• THE PROBLEM: Your answer must be a word-for-word copy of the listing, with all pictures excluded.

• INFORMATION SHOWN:
# # # # # # #
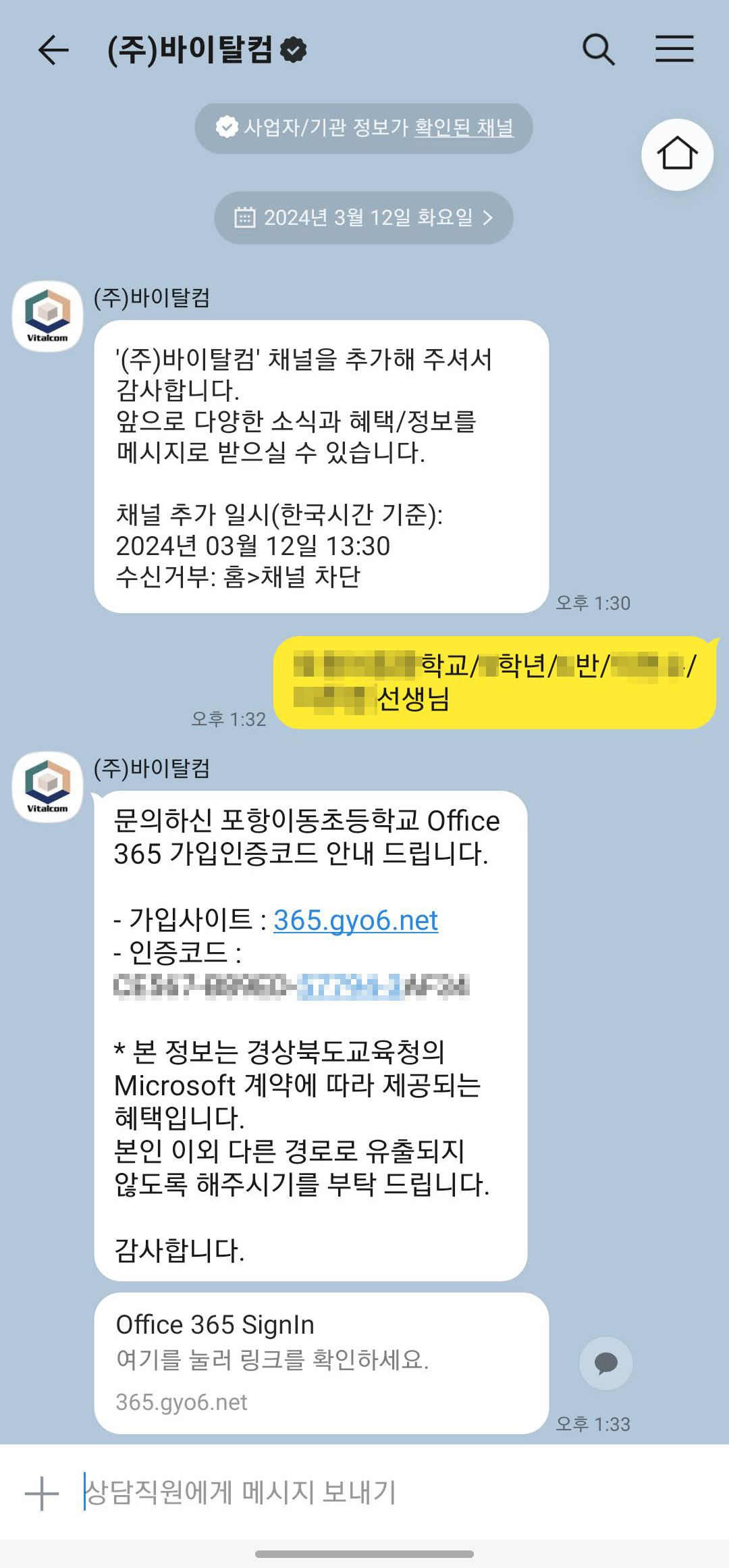 교육청마다 다르겠지만 경북교육청 소속 초, 중, 고 학생들의 경우, 카카오톡에서 "바이탈컴"을 검색하여 상담사에게 [학교명/학년/반/이름/담임선생님이름]을 보내면 확인 후 즉시 코드를 발급해 줍니다.
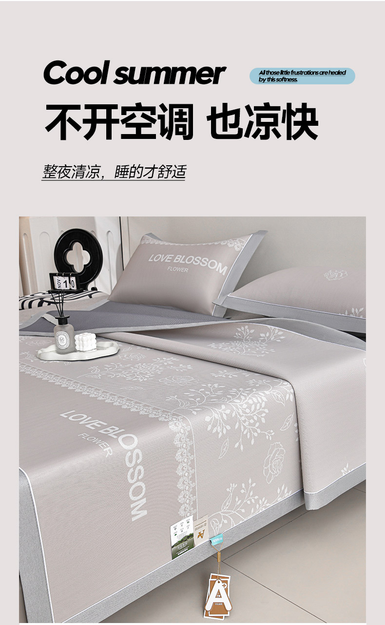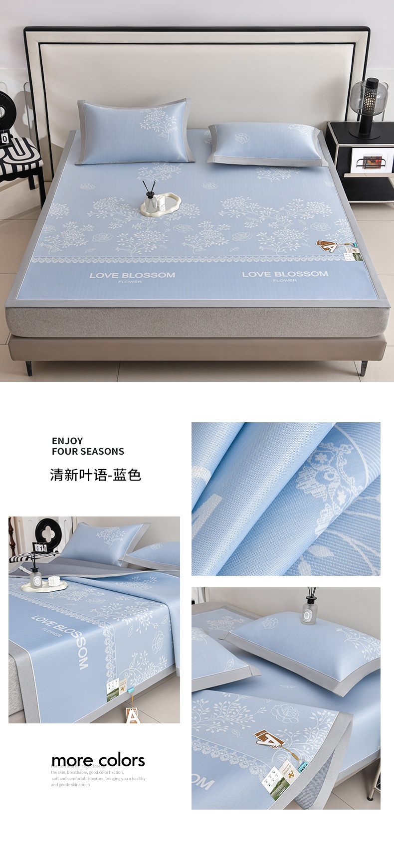 (总)小牛席业 2026新款PE凉感清新叶语冰丝席凉席席子,粉色,灰色,蓝色,香槟
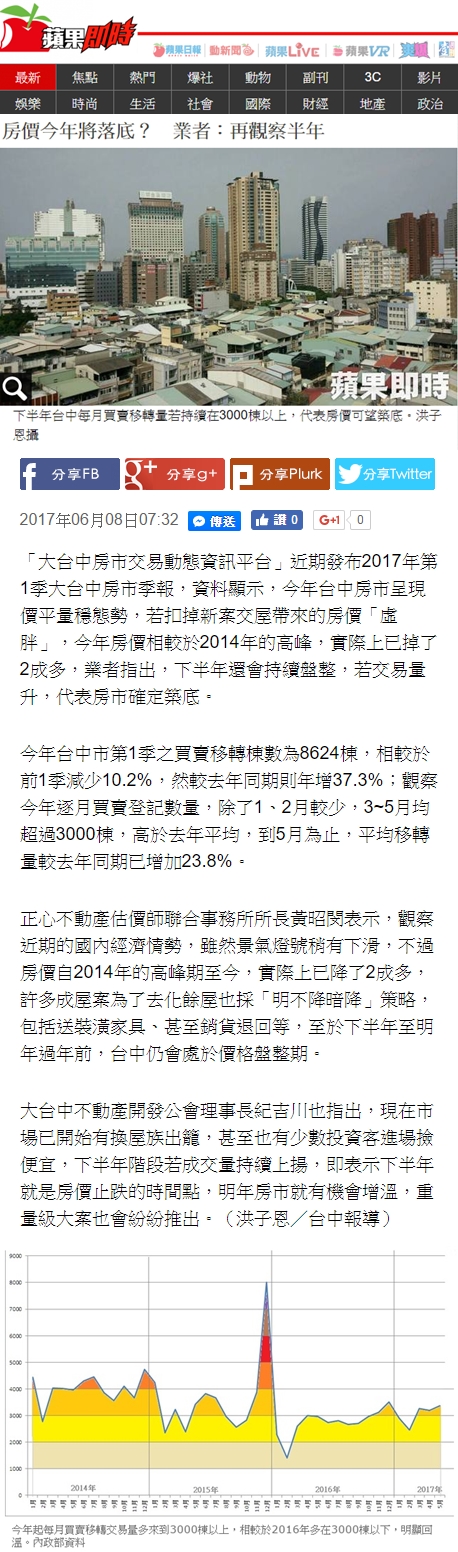「大台中房市交易動態資訊平台」近期發布2017年第1季大台中房市季報,資料顯示,今年台中房市呈現價平量穩態勢,若扣掉新案交屋帶來的房價「虛胖」,今年房價相較於2014年的高峰,實際上已掉了2成多,業者指出,下半年還會持續盤整,若交易量升,代表房市確定築底。
# # # # # # #
• ANSWER TO THIS EXERCISE:
 교육청마다 다르겠지만 경북교육청 소속 초, 중, 고 학생들의 경우, 카카오톡에서 "바이탈컴"을 검색하여 상담사에게 [학교명/학년/반/이름/담임선생님이름]을 보내면 확인 후 즉시 코드를 발급해 줍니다.
 (总)小牛席业 2026新款PE凉感清新叶语冰丝席凉席席子,粉色,灰色,蓝色,香槟
「大台中房市交易動態資訊平台」近期發布2017年第1季大台中房市季報,資料顯示,今年台中房市呈現價平量穩態勢,若扣掉新案交屋帶來的房價「虛胖」,今年房價相較於2014年的高峰,實際上已掉了2成多,業者指出,下半年還會持續盤整,若交易量升,代表房市確定築底。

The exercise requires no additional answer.